The Nigerian Content Development and Monitoring Board, NCDMB, and the Presidential Amnesty Programme said they are working on collaborative strategies towards integrating ex-Niger Delta militants into the oil and gas Industry.
The Executive Secretary, NCDMB, Ernest Nwapa, stated this at the end of a meeting with the Special Adviser to the President on Niger Delta and Chairman of the Presidential Amnesty Programme, Kingsley Kuku.
Mr.
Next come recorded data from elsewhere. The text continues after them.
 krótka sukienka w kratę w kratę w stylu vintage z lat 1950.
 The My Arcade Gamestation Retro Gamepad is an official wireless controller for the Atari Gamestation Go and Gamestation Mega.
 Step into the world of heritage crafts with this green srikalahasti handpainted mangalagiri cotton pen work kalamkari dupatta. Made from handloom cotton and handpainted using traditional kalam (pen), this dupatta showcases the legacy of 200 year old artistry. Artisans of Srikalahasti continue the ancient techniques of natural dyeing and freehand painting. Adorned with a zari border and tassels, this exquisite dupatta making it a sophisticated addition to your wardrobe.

Nwapa said the plan was to place the ex-militants, who had completed training in oil and gas service areas, into the Nigerian Oil and Gas Joint Qualification System (NOGIC JQS), a database for talent sourcing in the oil and gas industry.
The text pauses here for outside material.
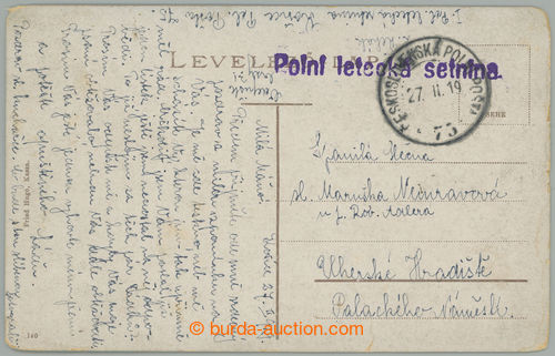 Philately. VZNIK CZECHOSL. LETECTVA / FIELD AIRCRAFT TROOP, violet military unit postmarks on Ppc Kosice, CDS CZECHOSL. FP 75/ 27.II.19, sender L. Rehak, I. field aircraft troop Kosice; lower tearing, else preserved, sought (Image) (Image2)

He said the plan was part of the directive by the Minister of Petroleum Resources and Chairman of the content board’s Governing Council, Diezani Alison-Madueke, for the Board to pursue capacity development and employment initiatives that would support President Goodluck Jonathan’s transformation agenda in the oil and gas industry.
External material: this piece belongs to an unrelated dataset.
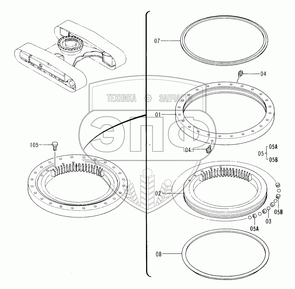 Каталог запасных частей к технике: Hitachi EX-60-3. SWING BEARING
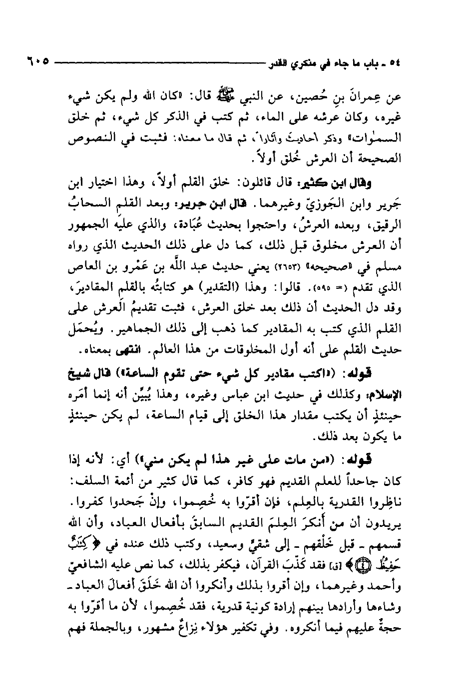 قوله:"من مات على غير هذا لم يكن مني". أي: لأنه إذا كان جاحدًا للعلم القديم فهو كافر، كما قال كثير من أئمة السلف: ناظروا القدرية بالعلم، فإن أقروا به خصموا، وإن جحدوا كفروا. يريدون أن من أنكر العلم القديم السابق بأفعال العباد، وأن الله قسمهم قبل خلقهم إلى شقي وسعيد، وكتب ذلك عنده في كتاب حفيظ، فقد كذب القرآن، فيكفر بذلك، كما نص عليه الشافعي وأحمد وغيرهما، وإن أقروا بذلك وأنكروا أن الله خلق أفعال العباد، وشاءها وأرادها بينهم إرادة كونية قدرية، فقد خصموا، لأن ما أقروا به حجة عليهم فيما أنكروه. وفي تكفير هؤلاء نزاع مشهور، وبالجملة فهم

He, however, said the major joint venture operating companies, including the Nigerian National Petroleum Corporation, NNPC, lacked the capacity to employ more than 50,000 Nigerians, as they had outsourced most of their operations.
“If the industry could manufacture in-country components used by the industry to execute its projects, it would be able to create thousands of jobs,” he said.
He noted that for nearly five decades, Nigeria failed to establish facilities, own hi-tech asset and manufacture components for the oil and gas industry that can create jobs and retain spend in the country, because they had focused on the exploitation of crude oil and the revenue receipts, while ignoring the value chain.
Mr. Nwapa said that the implementation of the Nigerian Content Act had gradually reversed the trend, as Nigerians have begun to invest heavily in facilities, own hi-tech asset and manufacture components for the industry.
Some of the capacities already developed for the Oil and Gas Industry, he said, were being utilized in other sectors of the economy, like power, telecommunication, construction, and information technology.
Mr. Nwapa said various initiatives of the content board had helped create and retain 38,000 jobs in the industry since 2010, adding that the Nigerian Oil and Gas Industrial Park Scheme, NOGIPS, would unlock employment opportunities from the industry as it would elevate local Small and Medium Enterprises, SMEs to Original Equipment Manufacturers, OEMs, that produce industry standard high tech equipment for the industry under a shared service and resource optimisation model.
He said the content board was also about to commence an artisan training programme that would produce qualified artisans who would eventually construct its headquarters building in Yenagoa.
Mr. Kuku underscored the significance of his agency’s relationship with the content board, noting that both agencies were developing manpower for Nigerians.
“We are doing a lot of vocational training programme that fall under the ambit of NCDMB,” he said, adding that this has underlined the needed to get advice from the Board on what was available, to enable it tap into the opportunities.
“We want the Board to help us in post training placements. We have seen the opportunities and we must prepare for the jobs that will come through the Nigerian Content implementation,” Mr. Kuku said.
“The Amnesty Office cannot provide jobs for all the trained ex-agitators, who would have to compete with other Nigerians. We have hundreds of our trainees across the best universities in the world.
The best we can give them is free education and when they come back, they will compete with others. With the quality education and training they have got, they will have advantage. But if the jobs are available, we will support them,” he said.
Mr. Kuku added that the programme had produced 100 pilots in a programme with Lufthansa, while those trained in ship building were working to set up a boat yard in 2014.
He challenged state governments across the country, particularly the oil bearing states, to start youth engagement and empowerment schemes to complement the federal government’s amnesty programme for militants.